Ask any faculty on the stage behind me about what the best part of teaching at UW-Green Bay is and they will probably all tell you the same thing. It is our students; the students we all get to work with. You student: you are extraordinary. Seeing students succeed, seeing you succeed, inspires all of us to keep on going. By the time you get to the end of your degree, hopefully you have really honed some of those important professional skills. But oft times to me, I so hope you have learned to engage your social conscience and I so hope you have developed a genuine understanding of the human condition.
Thinking about social conscience and the human condition reminds me so much of last year’s Outstanding Student, Riley Garbe. He displayed that social conscience I have spoken of today and he had a first-hand understanding of the breadth and depth of the human condition that was awe inspiring. I think every faculty member and administrator on stage today that was in this building was inspired by Riley on that day.
We just heard such inspirational words from Bao Xiong, and as a parent, if I am this emotional, I can only imagine how proud and inspired her mother is right about now. It is also inspiring to know that many of us on stage might have been sewn into other student’s versions of Bao’s second-family thread. What a wonderful thought. What a wonderful legacy.
Every semester I see so many non-theatre students in my Intro to Theatre class that are so timid and uncertain, given their lack of “theatre experience.” But by the end of each semester, there are so many of them that have completed incredibly creative and deftly written final projects that amaze me.

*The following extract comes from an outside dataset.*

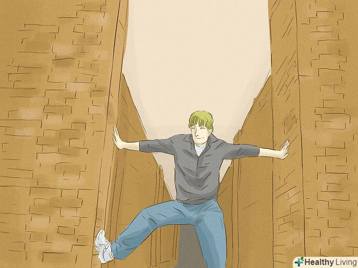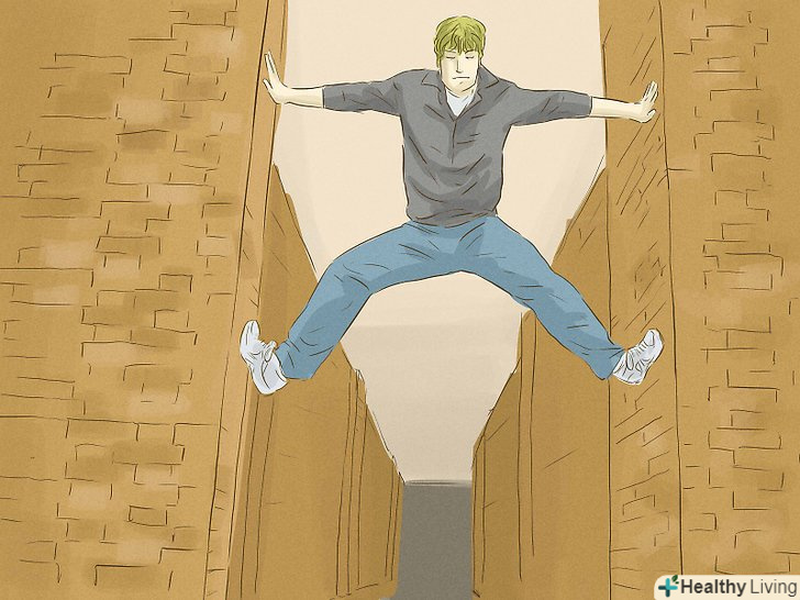 Упріться обома руками і обома стопами в стіни. ліва рука і стопа впираються в одну стіну, а права рука і стопа – в іншу. [2] Впирайтеся в обидві стінки одночасно з однаковою силою, щоб утримувати вагу свого тіла.

There are so many alumni of ours that have gone on to successful professional careers and meaningful personal lives, and they continue to inspire me. Many of them have had such extraordinary professional success both nationally and internationally that I am completely humbled.
You all are about to join them. They were armed with the same thing all of you have — an interdisciplinary education from the University of Wisconsin-Green Bay. You have developed an ability to focus on and solve problems in every field of study we offer and you have developed a social conscience that allows you to understand the complexities of the human condition. Take all of that with you when you leave this beautiful campus. Use all of that, and you have everything you will need to move on and become a successful professional and a truly engaged citizen of this great democracy.
Meanwhile, here, I will stay for year 35. Freshmen registration is right around the corner and I am on the precipice of yet another theatrical UWGB Groundhog Day.
So after you walk across this stage today, we know you are prepared for success in your professional and personal lives. But, there is something that every one of you here needs to do:
We need you to inspire us.
Inspire us: become an engaged citizen and use your voice.
Inspire us: remind the world that humanity has no color.
Inspire us: remind the world that “all lives matter”.
Inspire us: support school safety & a reduction in gun violence.
Inspire us: support First Nations throughout the country.
Inspire us: support your peers that are dreamers—and their families.
Inspire us: raise your own beautiful families.
Inspire us: support the arts.
Inspire us: support the LGBTQ community.
Inspire us: support public education.
Inspire me: believe in Santa.
Congratulations UW-Green Bay graduating class of 2018, and thank you.”